Iterating

There are lots of ways to iterate: apply functions, map function, and for loops are among the most popular. We’re going to walk through two ways: for loops, first to discuss the logic of iteration, then the apply function, for speed and smoother coding.

So, what we’re trying to do is NOT this:

patent77_1 <- process_patents(filepath = "~/Box/d-rug/data/uspto_1977_1.csv")
patent77_2 <- process_patents(filepath = "~/Box/d-rug/data/uspto_1977_2.csv")
patent77_3 <- process_patents(filepath = "~/Box/d-rug/data/uspto_1977_3.csv")
patent77_4 <- process_patents(filepath = "~/Box/d-rug/data/uspto_1977_4.csv")
# And so on...
patents <- rbind(patent77_1, patent77_2, patent77_3, patent77_4)

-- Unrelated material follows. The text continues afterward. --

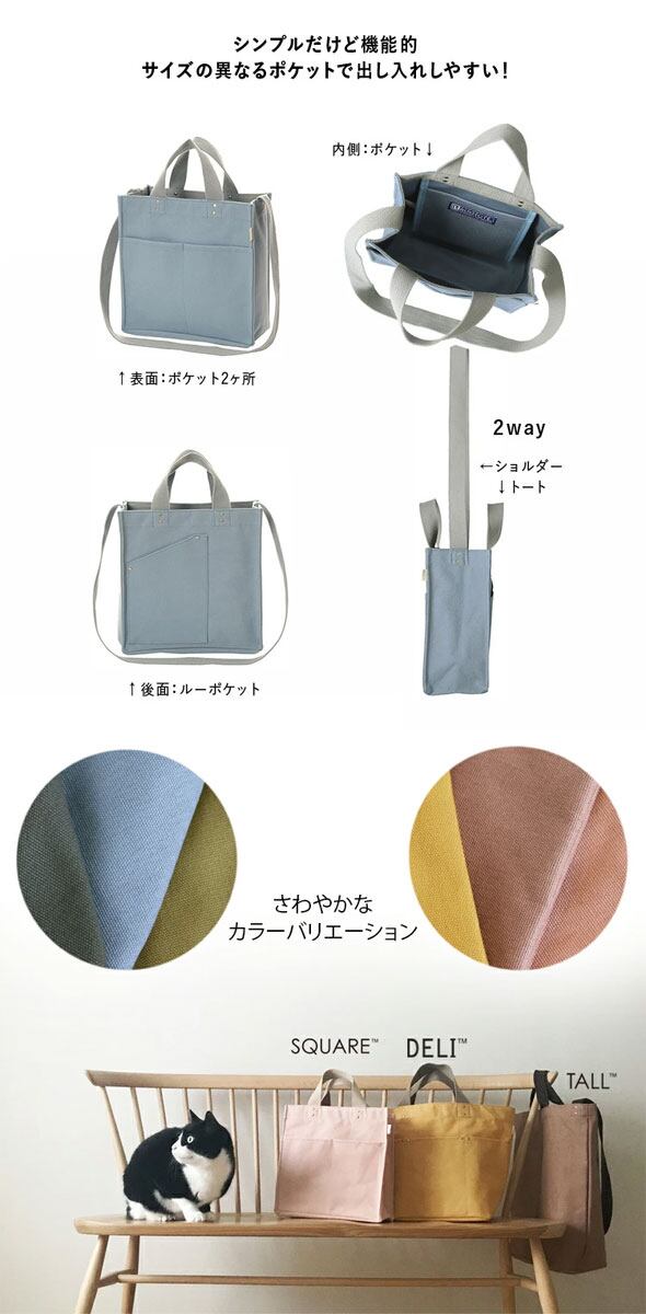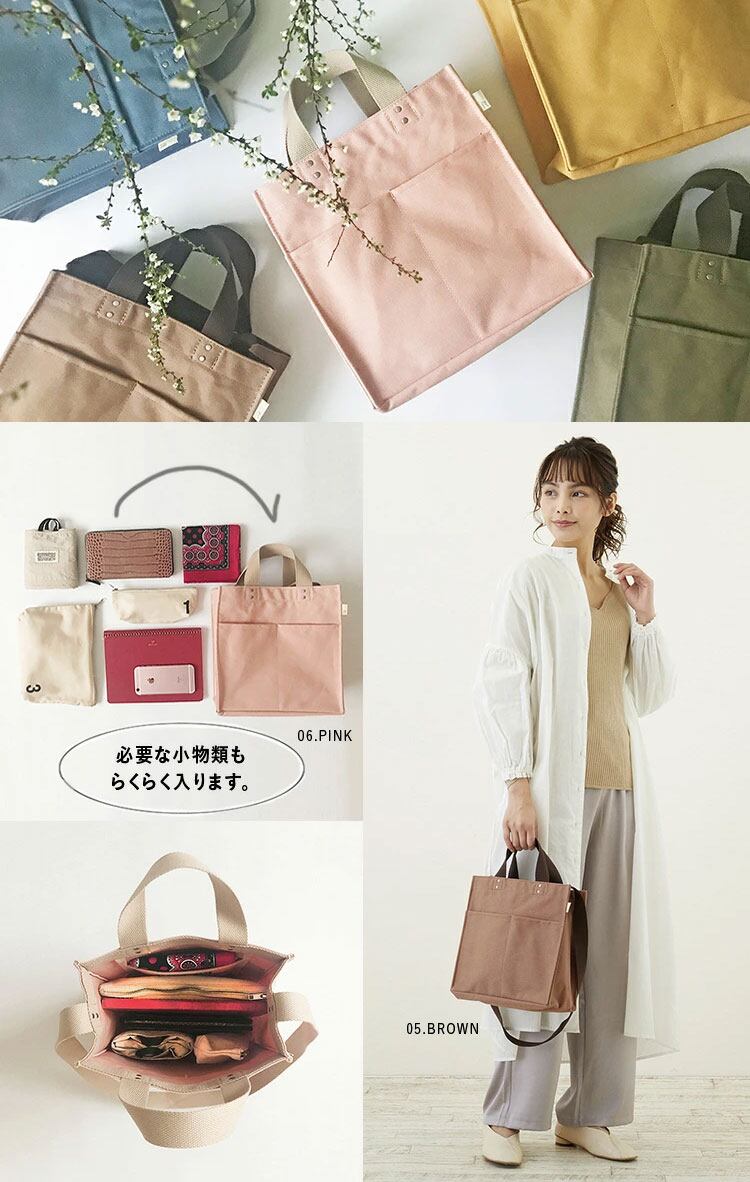 ・主な素材:綿 はっ水加工(表地)/綿 ノンフタル酸PVC加工(裏地)/ポリエステル、綿(持ち手、ショルダー)

So again, what is it here that changes every time? The filepath. This makes it an easy candidate for looping through, were each loop inputs a new filepath.

The key here is understanding the use of the index, i, and how it relates to the function you want to run. In this case, we want to run through the loop 52 times, each time printing a new filepath. So here is the basic logic of the loop.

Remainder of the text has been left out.